Auto-populating host field during discovery

blanm
Tera Contributor

Hello!

 

I am fairly new to service now and I have been tasked with all things discovery and cmdb. I will try my best to explain this, as I have limited knowledge still.

 

Whenever discovery completes for network related ci's, the host field does not auto-populate, even when the pattern itself makes the connection from the ci to the server table. I will be using a specific example to explain this, but this does happen on all tables that has a host field. 

 

When discovering a MS SQL instance, it will set the instance name correctly - MSSQLSERVER@hostexample

The host field on this table however (which is set as a reference field to the server table), always shows "empty", meaning I have to double click the field and search for the host to manually add it. 

This field references our server table to find names. We would like the value of this field to be hostexample, so that we can click it and have it take us to the record of hostexample.

 

My question is how can I make this field populate with the host name automatically, since its already being discovered and added as a part of the instance's name?

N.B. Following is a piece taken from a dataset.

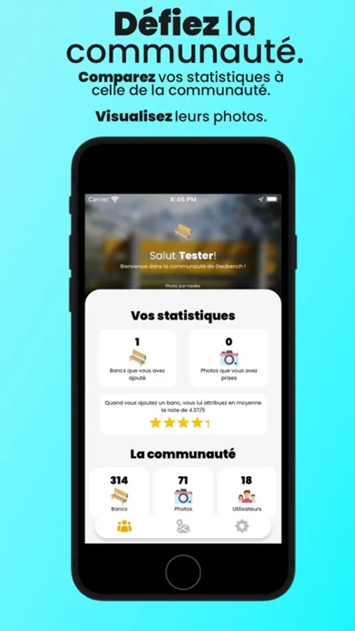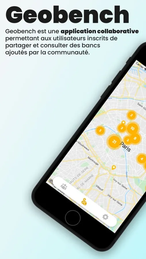 Geobench est une application collaborative permettant aux utilisateurs inscrits de partager et consulter des bancs ajoutés par la communauté.
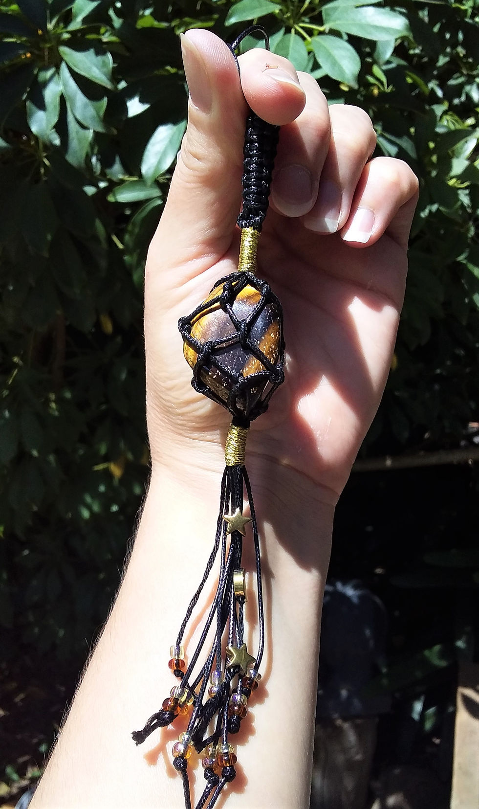 Your crystal is wrapped within a macrame net of coloured cord and highlighted with cotton thread, electoplated hematite stars and moon and small beads.

Again though, this happens on other tables, the host field is always empty, even when a relationship is made to the IP/host and I can see it in the dependency view. 

 

I have looked tirelessly through the community articles, as well as all servicenow discovery, ci class manager, script action, business rules and many other documentation pages.

I feel like this would be a script action, but I am not quite there yet with my understanding of how to write this, I only know basic java and I am still learning all of the different functions and syntax. 

I tried to make a basic script, but I am not even sure where I could try to test this without affecting other data in our dev instance. We do have dev people as we are a large organization, but they are all very busy so I am a little on my own here. Any assistance would be greatly appreciated!

3 REPLIES 3

AdamEndwright
Tera Contributor

I'm trying to find the exact same answer.  My Database team would like the host name available on the Instances and the Databases.  It makes the List View much more valuable and they won't have to drill into each Instance record.  The Host field already exists on those objects and is set to reference servers.  I've tried looking at the pattern for MSSQL DB on Windows, but it's a little over my head.  I would have to assume I have enough credentials to do this because it's creating the instance name that contains the hostname, and I'm getting database records created for each instance.

Doug5
Tera Contributor

I have the same problem.  Did you get an answer yet? 

I could not get MS SQL Discovery working using WMI.  However it works with WinRM.  So I have written a workaround - where we flip flop between WMI and WinRM on alternate days.  However, the host field is still empty even with WinRM discovery - just like you said.  ServiceNow support are still working on the WMI issue.

blanm
Tera Contributor

Hi,

 

So I found that the relationship that is made during discovery is on the form side, which is why you can see the relationships being made once you click into a CI. The list view for the MSSQL table is separate from this. So essentially you need to create a create relation/reference step within the MSSQL DB on Windows pattern, which would be within the "MSSQL populate database table" shared library step at the end of the first section pattern. I was able to compare that to another pattern where a reference field was auto-populated, but I had already created two business rule scripts that solved my issue before I discovered this explanation/information. 

 

I had to add a couple of custom steps to the "MSSQL populate database table" pattern to add the host name to a field, remove duplicates from that temporary table, and then union the temporary table ($dbs) with the $cmdb_ci_db_mssql_database table. This puts the string of the host in the field I chose and created in the CI class manager for this table, which was the host_id field. 

Then I wrote two business rules. The first looks for the string value in the host_id and compares it to our server table's name field. If it finds a match, it inserts the sys_id of the matching host into the host field on the cmdb_ci_db_mssql_database table. If it doesnt find a match, it stops.

 

The second rule looks at the value of the host_id field and then finds related information we were specifically looking to fill in other referenced fields from the host record on the server table (company, department, environment, managed_by_group).

 

I am very aware this logic was not the best way to do this and can be simplified. It works though, and is temporary until I can fix the pattern to make the relation on the table itself. I am sorry if that was not the best explanation, but the customizations I made got complicated pretty quickly.